If I've misplaced something by setting it down absent-mindedly, my favorite way of finding it is to stand on a chair in the center of the room and look all around the room from a different perspective.  If you deliberately put something in a safe place, it is probably in a drawer or cabinet and that won't work, but you might try it.  Do you have a place where you keep birth certificates and passports and things?  Look there?  I also have a pocket in the back of the front passenger seat of my car where I've stashed things temporarily and "lost" them for awhile.


----------



## Thumper (Feb 26, 2009)

Any time we buy something with a warranty, I put the warranty and PoP away...I just hope we never need those, because I never remember where I put them.


----------



## pidgeon92 (Oct 27, 2008)

Good grief. We are moving in a few weeks. I can't believe the stuff I have come across recently.


----------



## luvmy4brats (Nov 9, 2008)

More often than I care to admit.


----------



## Meredith Sinclair (May 21, 2009)

I do it with Christmas/Birthday gifts and cards that I buy way ahead of time... Then I have to go buy them all over again at the last minute when I can not find them...  I have now decided to keep these things in the pantry, because we go there daily and will see the box/bag and remember... but I still sometimes have to hide them somewhere else when my inlaws come over and will likely end up seeing their gifts!


----------



## Sporadic (May 1, 2009)

Lost my external hard drive. I put it somewhere when I got a new computer and never found it. I am almost positive that I threw away the box I put it in by mistake


----------



## 1131 (Dec 18, 2008)

sjc said:


> 31 years ago; I put my then boyfriend; now husband's high school ring away for safekeeping and didn't find it until long after we were married.
> My mother found it in her bedroom tucked in her good scissors sewing box.

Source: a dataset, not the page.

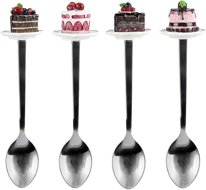 Amatable 37 2k 010 Cuilleres A Dessert Gateaux Coffret De 4 Assorties Gris Et Multicolore Acier Inoxydable Et Resine D3 5 X 14 5 Cm Amazon Fr Cuisine Maison
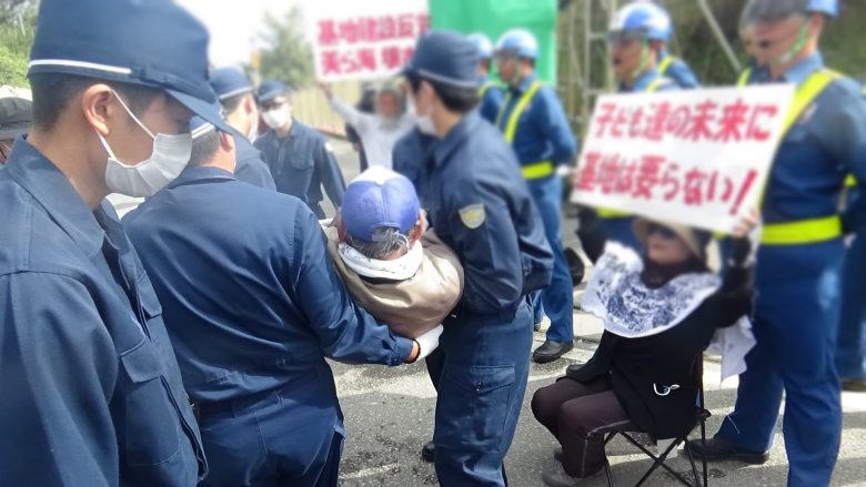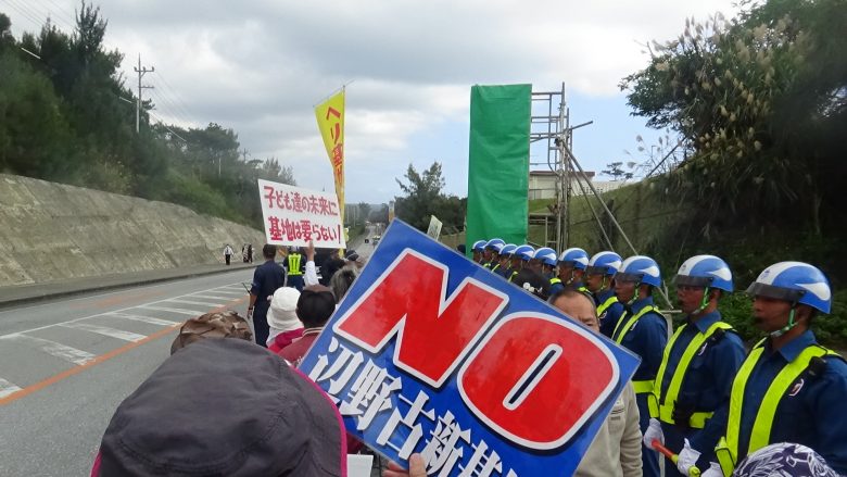 約35人が朝8時半から抗議の座り込み。女性たちが中心となって歌とスピーチでゲート前を明るくさせた。機動隊員も女性たちの語り掛け、説得、抗議を受けて、なかなかすぐに排除にかからない。自分の母親にでも説得されているような気持なのか、神妙な顔つきの隊員が多い。男性の罵声よりも女性の諭すような話しぶりが若い機動隊員には効き目があるようだ。それでも隊長の指揮のもと一斉に排除に取り掛かった。排除され車両が基地内に入った後も、参加者はデモ行進を繰り返した。

I put a few boyfriends away for safekeeping, but I never did go look for them
That reminds me, I put my car keys in a safe place earlier today and I need to go to work tomorrow....this could be a problem.


----------



## Dana (Dec 4, 2009)

Meredith Sinclair said:


> I do it with Christmas/Birthday gifts and cards that I buy way ahead of time... Then I have to go buy them all over again at the last minute when I can not find them...  I have now decided to keep these things in the pantry, because we go there daily and will see the box/bag and remember... but I still sometimes have to hide them somewhere else when my inlaws come over and will likely end up seeing their gifts!


I do the same thing! 

Actually, ALL these stories are pretty much my life...............


----------



## gdae23 (Apr 30, 2009)

I've misplaced so many things that now I keep a small notebook where I write down the location of things I put away. This works well, as long as I don't misplace the notebook!

What happens more often now is that I'll be looking for something in a drawer or cabinet and suddenly come across something else I completely forgot I still had, or in some cases forgot I owned in the first place.


----------



## Sandpiper (Oct 28, 2008)

gdae23 said:


> I've misplaced so many things that now I keep a small notebook where I write down the location of things I put away. This works well, as long as I don't misplace the notebook!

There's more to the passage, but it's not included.